What bail conditions can the Supreme Court impose in Western Australia?

The Supreme Court can impose various bail conditions to address concerns about releasing an accused person. These may include reporting to police, residing at a specific address, surrendering passport, not contacting certain people, curfews, or providing a surety. The conditions must be reasonable and relate to the court's concerns about flight risk, reoffending, witness interference, or community safety.

Does Western Australia's Bail Act 1982 apply to all bail decisions in the Supreme Court?

Yes, all bail decisions in the Supreme Court of Western Australia are made under the Bail Act 1982. This legislation governs bail applications whether they involve serious indictable offences committed to the Supreme Court, reviews of magistrates' bail refusals, or appeals from lower courts. The Act establishes the framework for judicial discretion and bail conditions across all WA courts.

How much does it cost to get legal help for a Supreme Court bail application in WA?

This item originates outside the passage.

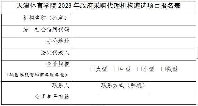 政府采购代理机构拟报名参加本项目的,请于2023年11月23日前,将《1683168诸侯快讯官网2023年政府采购代理机构遴选项目报名表》(详见附件)扫描件发送至电子邮箱(邮箱地址:gzc@tjus.edu.cn)。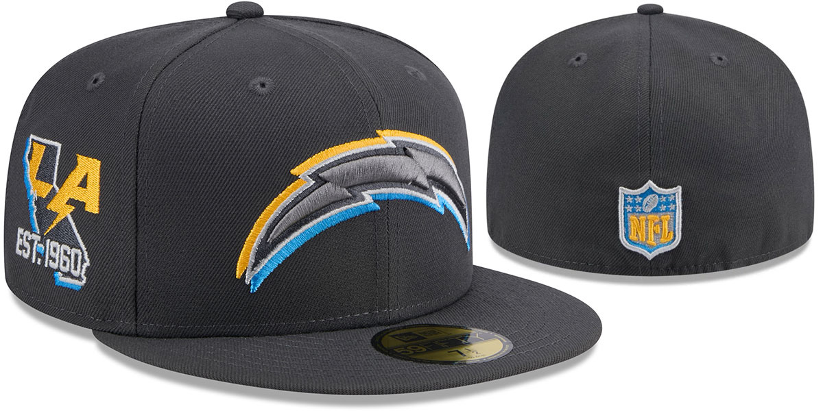This charcoal gray, 59FIFTY fitted cap by New Era features a deep, authentic poly crown and visor, a light gray undervisor, and a raised, embroidered team logo in gray tones with a team color shadow effect on the front. The cap also includes a California 'EST. 1960' side patch, an embroidered team-colored NFL shield logo on the back, and an embroidered New Era logo on the opposite side. This is the 59FIFTY cap worn during the 2024 NFL Draft. This Los Angeles Chargers baseball cap is made by New Era and is licensed by the NFL National Football League.

Go To Court Lawyers offers a fixed consultation fee of $295 to discuss your Supreme Court bail application. This consultation allows you to understand your options, prospects of success, and the legal process involved. Additional costs will depend on the complexity of your case and whether you proceed with full representation for the bail hearing.

How can a lawyer help with my Supreme Court bail application in Western Australia?

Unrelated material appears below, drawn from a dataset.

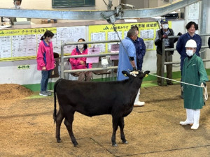 5月15日(水)、本校にて飼養管理してきた「すぴか号」を出荷しました。市場の関係者や他の農家さんから発育良好できれいな牝牛と講評を頂きました。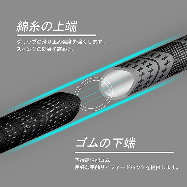 【複合素材】 グリップの上部半分は天然ゴム素材と起毛コットン糸合成技術で作られており、グリップの滑り止め強度を高め、スイング効果を高めます

A lawyer can prepare compelling bail arguments addressing the court's key concerns, gather supporting evidence and character references, negotiate appropriate bail conditions with prosecution, and present your case professionally to maximise chances of success. They understand Supreme Court procedures and can effectively argue why you should be released pending trial or appeal proceedings.

How quickly must I apply for Supreme Court bail after being refused by a magistrate?

You should apply for Supreme Court bail review as soon as possible after a magistrate refuses bail, as every day in custody matters. While there's no strict time limit for bail reviews, delays can negatively impact your application and personal circumstances. Urgent applications can often be heard within days, so immediate legal advice is crucial.